Low frequency hydrophones are notoriously difficult to calibrate. A world-leading technological solution resulted from a unique collaborative partnership between Rainhouse Canada and Ocean Networks Canada.

Project overview

Project name: Calibration system low frequency digital hydrophone
Product name: Hydrophone calibrator (up to 410 bar)
Client: Ocean Networks Canada Innovation Centre
Type of project: Collaborative design
Industry: Marine
Contract awarded: May 2013
Product delivered: November 2013
Location: Victoria, B.C.

Rainhouse Canada’s engineering support and manufacturing capability resulted in project success

Low frequency smart hydrophones, such as the Ocean Sonics icListen LF, have opened the door to the use of hydrophones for earthquake and underwater landslide studies. These hydrophones have also dramatically improved market use of low frequency hydrophones to study large baleen whales and low frequency shipping noise in the deep ocean. While the sensors are excellent, there was no way to accurately calibrate the hydrophone sensitivity at frequencies from 20 Hz down to 20 mHz, which reduced the effectiveness of the data.

Ocean Networks Canada (ONC), a University of Victoria initiative, operates a series of large and small ocean-observing networks on Canada’s West Coast and at Cambridge Bay in the Canadian Arctic. The Innovation Centre is the ONC’s business development arm and operates the Technology Demonstration Facility, which helps ocean-instrumentation manufacturers develop, test, and demonstrate new technologies for oceanography.

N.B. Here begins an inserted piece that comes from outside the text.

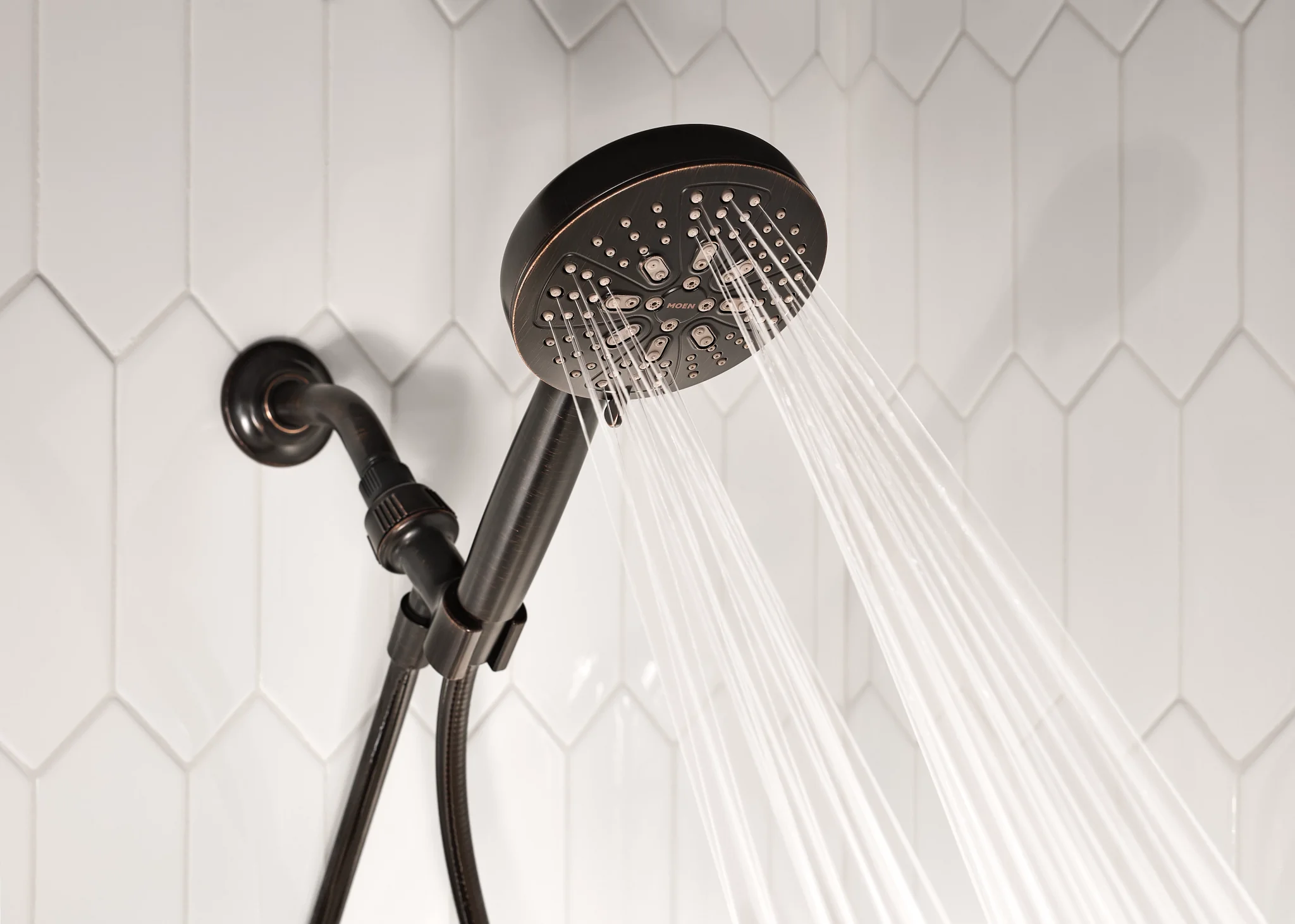 The HydroEnergetix collection offers an array of spray settings that offers an awakening showering experience. Gracious and uncomplicated style features give the HydroEnergetix collection an ageless yet fashion-forward presence. Tailored yet relaxed, the HydroEnergetix collection is an exercise in design balance. This lustrous collection works seamlessly with today's lifestyles, providing you style and on-demand water flexibility to enhance your showering experience. The 60 in. hose included is kink-free and operates smoothly for seamless water delivery. The 5 in. round spray face, Modern in its design, also provides a generous full spray. The HydroEnergetix 7-Spray Handheld Shower is also EPA WaterSense certified to conserve water without sacrificing performance.

The Innovation Centre took up the challenge and devised a concept and feasibility prototype for a very low frequency digital hydrophone calibration system. However, ONC did not have the equipment or expertise required to develop and produce such a sophisticated, laboratory-grade calibration system and have it pass provincial pressure vessel certification. Additional expertise was needed, and Rainhouse Canada provided it.

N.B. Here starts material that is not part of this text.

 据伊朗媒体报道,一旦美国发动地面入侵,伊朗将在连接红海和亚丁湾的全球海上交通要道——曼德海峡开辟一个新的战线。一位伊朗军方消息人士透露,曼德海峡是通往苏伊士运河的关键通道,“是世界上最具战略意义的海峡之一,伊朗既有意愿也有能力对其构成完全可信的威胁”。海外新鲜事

Rainhouse Canada’s excellent reputation for designing and fabricating complex, unique systems for a wide variety of industries made it the preferred partner for the project. The Rainhouse Canada team embraced the challenge and became a second driving force for the development of this new technology.

While maintaining a close collaboration with the Innovation Centre scientists and engineers, the Rainhouse Canada team took the concept and designed a functional system. The process included several solid model iterations, design simulation, fabrication, testing, and provincial boiler certification. Rainhouse Canada was also instrumental in producing the patent documentation.

After delivery, Rainhouse Canada worked with the Innovation Centre to further refine the system because, thanks to the new technology, hydrophone calibrations were being performed at frequencies and accuracies never before achieved.

To date, the system has been used for more than 27 very low-frequency hydrophone calibrations by ONC observatories, Natural Resources Canada, Cetacea Lab, Orca Lab, SIMRES, Ocean Sonics in Nova Scotia, and Saab’s torpedo test range in Sweden. Four other facilities have requested similar calibration systems.